*** Available data ***

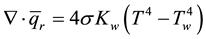 For an optically thick gas, the gas self-absorption rises and the situation becomes difficult. However, the problem can be simplified by using the Rosseland approximation [19] , which relates the radiative heat flux to the gradient of the total emissive power of the gray gas as follows,
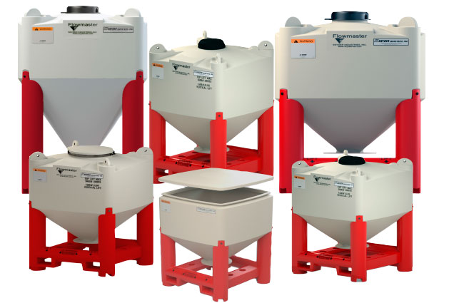 Steel and plastic hopper bin designs are available with a variety of options and sizes to meet the unique handling requirements of dry powder and granular materials. Dry handling bins can be configured with different slopes, discharge/fill openings, and valves, and Snyder offers a full line of accessories, including discharge stands, tumblers, and filling stations designed to optimize material flow.
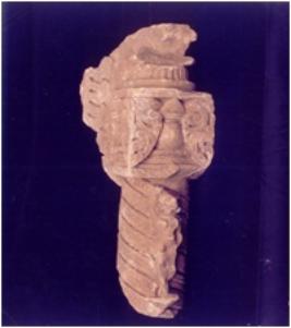 | Description / विवरण | Architectural fragment, part of a pilaster, shaft and upper portion of a pilaster decorated with spiral bands, a female dancer disrobing her drapery and pot and foliage. The female dancer is badly mutilated. |
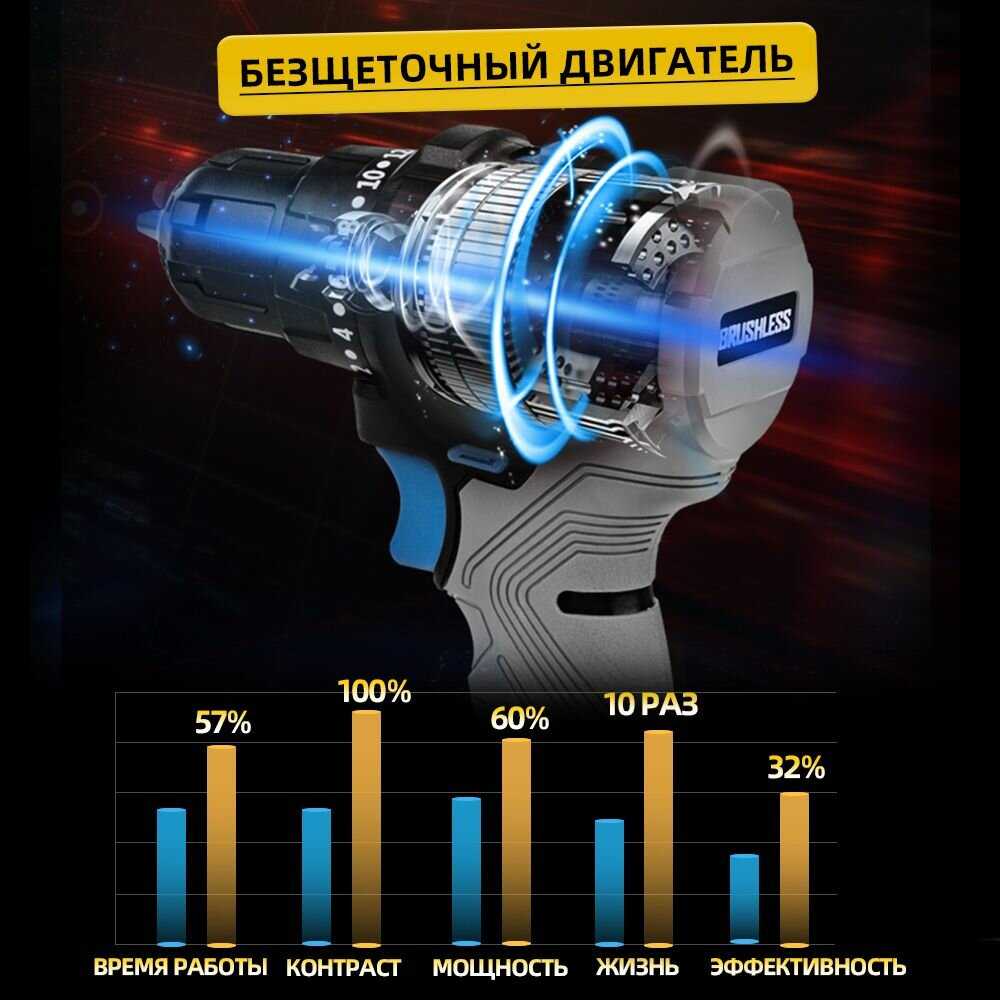 - - Непривычно было услышать шум от двигателя, хотя в описании сказано, что он безщеточный. Но потом привык, сверлит и закручивает винты отлично.
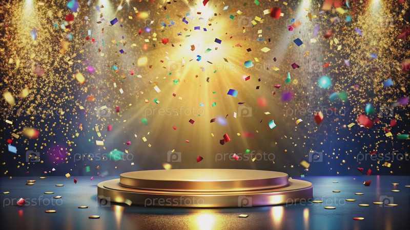 Золотой круглый этап под конфетами и светофорами. генеративный ИИ
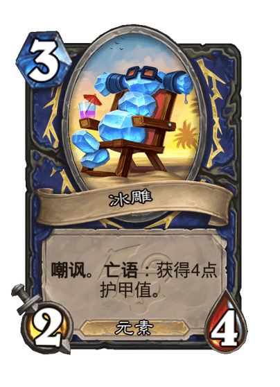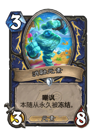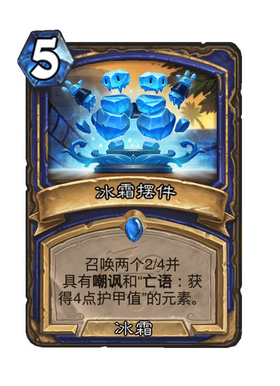 消融元素和冰霜摆件都是比较好的混子牌,站住了前期非常重要的3费和5费回合,这两个回合分别是极限快攻和快攻的发力回合。新版本肉眼可见的由随从和武器带来的直伤增多了,嘲讽的阻挡作用也进一步提升,嘲讽在控制体系中的地位也渐渐赶上解牌和恢复牌。在这套构筑中,冰霜摆件除了有提供冰霜派系的作用,还由于召唤出来衍生物冰雕是元素,可以通过贴可靠陪伴增大找终结key牌伊辛迪奥斯的概率 。
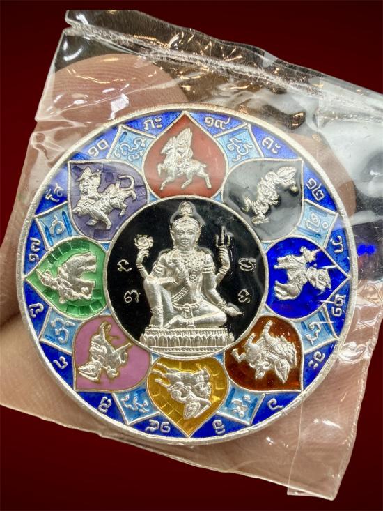 เหรียญองค์พ่อจตุคาม หลังปิดตาพังพกาฬ วัดพุทไธสวรรค์ รุ่นอุดมโภคทรัพย์ เนื้อเงินลงยาราชาวดี
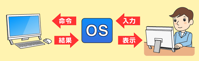 OSは、私たちがキーボードやマウスを使って出す命令をパソコンに伝え、パソコンが処理している内容をモニターに表示するなどして、私たちにわかる形にしてくれます。OSはパソコン全体を管理し、人間とパソコンの間に立って働いてくれる重要なソフトウェアなのです。
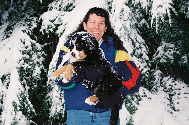 Puppy Kenai in the snow with Mom

*** End of Available data ***

Directions => Starting at the line that holds "เหรียญองค์พ่อจตุคาม หลังปิดตาพังพกาฬ วัดพุทไธสวรรค์", print each line through the last one of the entries above, exactly and with both ends included; no pictures.

Solution =>
 เหรียญองค์พ่อจตุคาม หลังปิดตาพังพกาฬ วัดพุทไธสวรรค์ รุ่นอุดมโภคทรัพย์ เนื้อเงินลงยาราชาวดี
 OSは、私たちがキーボードやマウスを使って出す命令をパソコンに伝え、パソコンが処理している内容をモニターに表示するなどして、私たちにわかる形にしてくれます。OSはパソコン全体を管理し、人間とパソコンの間に立って働いてくれる重要なソフトウェアなのです。
 Puppy Kenai in the snow with Mom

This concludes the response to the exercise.